IBMSpectrumComputing · arshabbir · Apr 8, 2026 · Apr 23, 2026 · michaelspriggs · Apr 20, 2026
diff --git a/LSF-vLLM/README.md b/LSF-vLLM/README.md
@@ -0,0 +1,270 @@
+IBM LSF for vLLM Persistent Inference Service
+==========================================
+
+Overview
+--------
+In this repository we demonstrate how to deploy a large-language model inference service on an LSF cluster using vLLM. The service exposes an OpenAI-compatible API. We show how various clients can use the model for interactive or batch inference.
+
+What this implementation demonstrates
+-------------------------------------
+- IBM LSF launching and managing a persistent inference runtime as a service job
+- vLLM exposing an OpenAI-compatible endpoint
+- endpoint discovery through a small registry file written by the service job
+- interactive validation using curl and Jupyter
+- downstream reuse through a separate IBM LSF batch job
+
+Repository layout
+-----------------
+- scripts/start_vllm_lsf.sh
+  Starts the vLLM container, waits for readiness, writes the registry file, and keeps the
+  service attached to the IBM LSF job lifecycle.
+- scripts/resolve_endpoint.py
+  Reads the registry file for a given IBM LSF job ID and prints the resolved base URL.
+- scripts/batch_client.py
+  Reads a prompt corpus and sends requests to the registered vLLM service.

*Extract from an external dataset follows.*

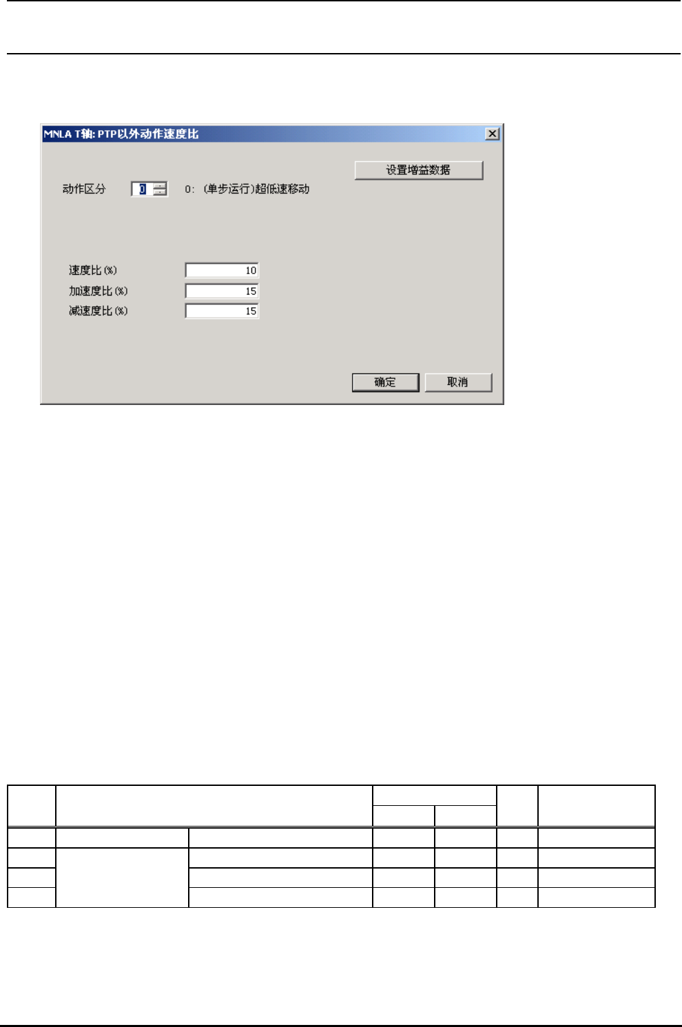 注 1) 选择了[设置增益数据]按键之后,增益数据设定画面(图 4-1-10)被显示出来。此时,在现在显示的“动

+- notebook/LSF_vLLM_Client.ipynb
+  Jupyter notebook for interactive validation against the IBM LSF-managed runtime.
+- corpus/prompts.txt
+  Sample prompt corpus for downstream batch validation.
+
+Prerequisites
+-------------
+- IBM LSF installed and operational
+- podman installed
+- python3 installed
+- curl installed
+- network access from the execution host to pull the vLLM image and model
+- a single-node IBM LSF setup is sufficient for this implementation
+- shared $HOME directory across the cluster
+
+Note:
+Replace "your-host" with the hostname or IP address of the system where the vLLM service is running.
+
+The examples below assume you are running as the same user for all steps.
+
+Get the repository and move into it
+-----------------------------------
+
+```bash
+git clone https://github.com/IBMSpectrumComputing/lsf-integrations.git
+cd lsf-integrations/LSF-vLLM
+```
+After this follow the instructions step by step given below. 
+
+Part 1: Deploy the LLM
+======================
+
+Step 1: Create the working directories
+--------------------------------------
+
+```bash
+mkdir -p ~/lsf_vllm_poc/{logs,registry,cache,corpus,results,notebook}
+```
+
+```bash
+cp corpus/prompts.txt ~/lsf_vllm_poc/corpus/prompts.txt
+```
+
+```bash
+cp scripts/start_vllm_lsf.sh ~/lsf_vllm_poc/
+cp scripts/resolve_endpoint.py ~/lsf_vllm_poc/
+cp scripts/batch_client.py ~/lsf_vllm_poc/
+```
+
+```bash
+chmod +x ~/lsf_vllm_poc/start_vllm_lsf.sh
+chmod +x ~/lsf_vllm_poc/resolve_endpoint.py
+chmod +x ~/lsf_vllm_poc/batch_client.py
+```
+
+Step 2: Review the service script defaults
+------------------------------------------
+
+```bash
+MODEL=Qwen/Qwen3-0.6B PORT=8001 API_KEY=local-vllm-key
+```
+
+NOTE : 
+Default demo API key: local-vllm-key
+
+The service script uses this value unless API_KEY is explicitly set before submission.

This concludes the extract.